Turning the SAN ‘Inside-Out’?

An article on eWeek caught my eye this morning. Seanodes, a Paris-based startup, has announced a product which, as they put it, “allows users to share disks and arrays directly attached to, or embedded in servers as if they were part of an external array.” The idea is that just as you use server virtualization to better utilize excess server processor resources, the Seanodes system will allow you to aggregate and better utilize excess directly attached storage.

In general, I’m not a fan of putting a large amount of storage into a server. Typically, I only use internal hard drives to boot the operating system. I put application data on some sort of centralized storage array. I’ve found that while the acquisition costs of external storage arrays are often higher than using internal storage, the flexibility afforded by decoupling storage from the server is invaluable. Lately, I’ve been experimenting with even moving the boot media off the server.
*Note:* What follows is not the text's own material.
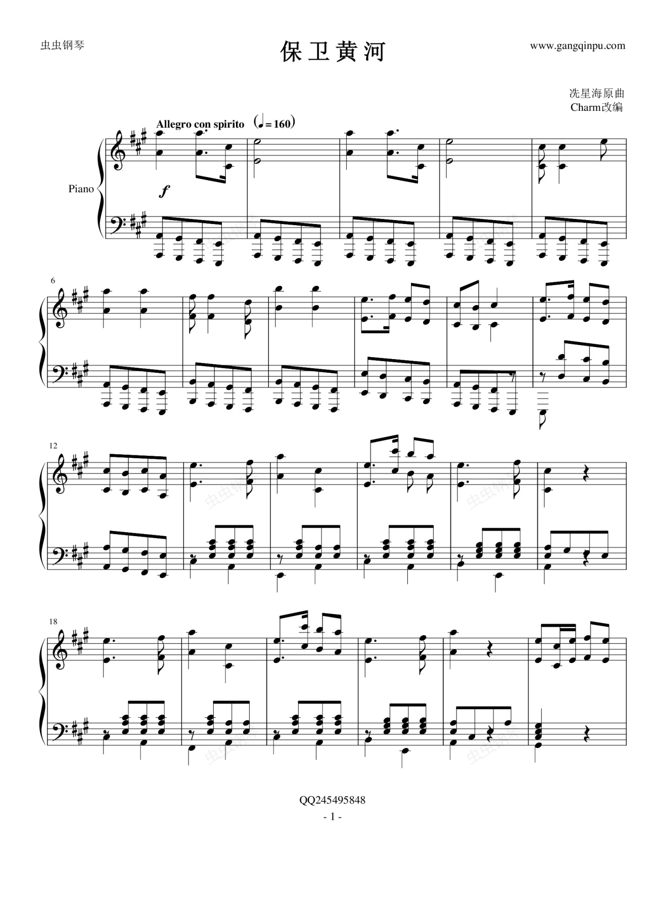 钢琴谱:保卫黄河

But let’s go back to the Seanodes Exanodes product. At this point it appears to be supported on Linux only and is aimed at cluster computing. Unlike clustered filesystems like IBM’s GPFS or RedHat’s GFS, which allow multiple computers to access the same files, Exanodes works at the block level. The software aggregates bits of storage from all participating nodes, and provides a synthetic hard drive to a using system. This means that while the hard drives may be shared across multiple systems, the data contained within the synthetic hard drive is not shared. While storage capacity is aggregated and distributed, the data still belongs to a single server. It’s just potentially scattered across several servers.

Seanodes has built availability into the system. Every block of data stored inside of Exanodes is replicated across at least two participating nodes. Seanodes calls this RAIN which expands to “Redundant Array of Independent Nodes”. While this insulates data access from a failed or powered-down node, it also cuts available storage capacity by at least half. The redundancy overhead is even higher if you use RAID arrays as the underlying physical storage.
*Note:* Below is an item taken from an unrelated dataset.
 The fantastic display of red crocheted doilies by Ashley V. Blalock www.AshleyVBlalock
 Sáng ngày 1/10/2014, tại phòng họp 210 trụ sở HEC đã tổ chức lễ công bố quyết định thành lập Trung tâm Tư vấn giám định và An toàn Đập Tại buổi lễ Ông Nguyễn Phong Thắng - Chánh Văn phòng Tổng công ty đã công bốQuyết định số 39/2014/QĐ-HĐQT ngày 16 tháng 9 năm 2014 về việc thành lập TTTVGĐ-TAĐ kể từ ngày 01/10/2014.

Seanodes has an interesting concept. I can see a fit for it in the commodity Linux cluster space. I’m unconvinced that it is useful in a more general computing environment. Centralized storage is becoming cheaper by the day and decoupling data from the server is the very heart of virtualization.

(Disclaimer: I am basing my analysis on the information published on Seanodes’ website. I have requested their whitepaper, but have not yet received it.)